Later that winter, Nowicki’s niece, Linda, wrote a heartfelt tribute to her uncle as a letter to the editor. Linda’s letter reflected the thoughts the family during a very difficult time.

“There are 49 years of wonderful memories and we owe it to him to cherish those instead of the shocking way he died,” wrote Nowicki’s niece.

The sheriff’s department isn’t saying much about the Nowicki case, but continues to pursue leads. Detective Ben Goehring has been assigned the case, along with help from DCI.

“I do know that solving that case is very important to Sheriff Oleson,” Goyette said. “The Nowicki family still lives in the area and we would like to bring justice for the family so they have closure.”

Backeberg goes missing

What would prompt a young mother to leave her world behind and disappear in a city hundreds of miles away?

It’s the burning question baffling Sauk County detectives for 55 years. Audrey Jean Backeberg left her home in Reedsburg the day after her 20th birthday, traveled to Indianapolis, Indiana and hasn’t been seen since July 7, 1962. Little is known as to why Backeberg would leave her husband and two children behind, but a troubled marriage might have been the cause. Backeberg filed a domestic abuse claim against her husband a couple days prior to her disappearance. She told police he beat her, causing head injuries.

 

Audrey Backeberg left her home in Reedsburg in July of 1962 and was never seen again. She hitchhiked to Madison, took a Greyhound bus to Indianapolis and walked away from her life in Wisconsin.

 

According to Detective Lt. Chris Zunker of the Sauk County Sheriff’s Office, Backeberg left with a 14-year-old girl, hitch-hiked to Madison and boarded a Greyhound bus to Indianapolis. The juvenile runaway became nervous and turned herself into police, but Backeberg apparently had no desire to return to Reedsburg. She reportedly stated she didn’t want to return, walked away from the bus stop and hasn’t been since.

“The juvenile was interviewed again as an adult, maybe 15 years ago,” Zunker said. “She stated Audrey had taken a bunch of pills, put them in a Coke can and drank it before taking the bus down to Indianapolis. She reported Audrey potentially hooked up with some construction workers that may have been in the area.”

Zunker believes three generations of Sauk County detectives have investigated the Backeberg case. The department has fielded tips from callers throughout the years, but hasn’t had solid evidence to pursue. Zunker said the case file continues to grow, but the mystery remains unsolved.

Assuming Backeberg is still alive, she would have turned 75 July 6.

“There’s a possibility she’s still alive and chooses to remain anonymous and has taken up a different identity, but we can’t prove that,” Zunker said, “But we certainly can’t prove the opposite either.”
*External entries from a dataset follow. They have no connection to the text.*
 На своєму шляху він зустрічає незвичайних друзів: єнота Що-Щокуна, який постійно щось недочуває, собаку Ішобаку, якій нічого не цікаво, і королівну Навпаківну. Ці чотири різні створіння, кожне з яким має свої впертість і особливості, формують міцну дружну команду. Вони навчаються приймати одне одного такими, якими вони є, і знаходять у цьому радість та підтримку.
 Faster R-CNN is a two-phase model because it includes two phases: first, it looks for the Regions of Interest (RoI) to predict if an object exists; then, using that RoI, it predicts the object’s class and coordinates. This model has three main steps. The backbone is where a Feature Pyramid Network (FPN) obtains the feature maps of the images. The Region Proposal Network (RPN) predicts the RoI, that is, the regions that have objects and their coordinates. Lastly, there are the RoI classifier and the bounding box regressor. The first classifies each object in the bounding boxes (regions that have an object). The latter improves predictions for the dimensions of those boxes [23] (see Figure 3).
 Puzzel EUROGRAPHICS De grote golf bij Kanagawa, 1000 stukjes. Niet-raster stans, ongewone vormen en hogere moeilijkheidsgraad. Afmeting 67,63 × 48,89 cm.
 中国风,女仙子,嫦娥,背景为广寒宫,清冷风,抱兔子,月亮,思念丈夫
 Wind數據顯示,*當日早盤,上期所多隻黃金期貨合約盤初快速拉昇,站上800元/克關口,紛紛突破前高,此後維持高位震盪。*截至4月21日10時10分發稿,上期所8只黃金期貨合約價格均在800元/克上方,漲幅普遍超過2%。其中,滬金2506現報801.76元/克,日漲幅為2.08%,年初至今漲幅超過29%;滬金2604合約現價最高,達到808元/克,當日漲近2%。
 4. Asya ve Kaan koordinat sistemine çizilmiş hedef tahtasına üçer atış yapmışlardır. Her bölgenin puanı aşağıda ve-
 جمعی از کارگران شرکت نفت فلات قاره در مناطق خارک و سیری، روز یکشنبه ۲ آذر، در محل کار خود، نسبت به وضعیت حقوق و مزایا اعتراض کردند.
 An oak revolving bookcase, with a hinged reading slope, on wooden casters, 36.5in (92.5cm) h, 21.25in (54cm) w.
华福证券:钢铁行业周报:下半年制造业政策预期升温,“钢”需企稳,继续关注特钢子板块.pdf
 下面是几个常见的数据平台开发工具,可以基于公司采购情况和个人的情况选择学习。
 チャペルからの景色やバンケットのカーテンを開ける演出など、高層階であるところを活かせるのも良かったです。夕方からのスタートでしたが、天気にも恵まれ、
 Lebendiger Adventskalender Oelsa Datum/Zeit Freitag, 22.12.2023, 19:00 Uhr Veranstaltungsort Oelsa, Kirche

After she went missing, investigators questioned her husband, Ronald, but he was cleared of any suspicion. In her report to police, Backeberg alleged her husband threatened to kill her and had two loaded firearms in his car.

“The prevailing theory in the case is that she didn’t want to be with him anymore,” Zunker said.

 

Gervase Thompson, who was the Juneau County sheriff in 1987, speaks with fellow authorities during the search for Barbara Blackstone. Blackstone was taken from her Lyndon Station home July 9, 1987, and a hunter found her body nearly a month later near Blanchardville. Thirty years later, her murder remains unsolved.

 

Body found under bridge

In the mid-1970s, two cases involving young people captivated the Lake Delton-Baraboo area.

In 1976, the body of 21-year-old Lisa Staes was found under a bridge off Highway 23 about three miles outside the village of Lake Delton. Staes was a resident of Leawood, Kansas.

“She was found nude under the bridge and it took us more than a year to identify her,” Zunker said.

For the past 40 years, authorities in Sauk County have worked with DCI to try to solve Staes’ murder. Zunker said he is actively reviewing evidence gathered at the scene to determine what should be resubmitted to the state crime lab. There is a chance Staes’ killer could have DNA in the system.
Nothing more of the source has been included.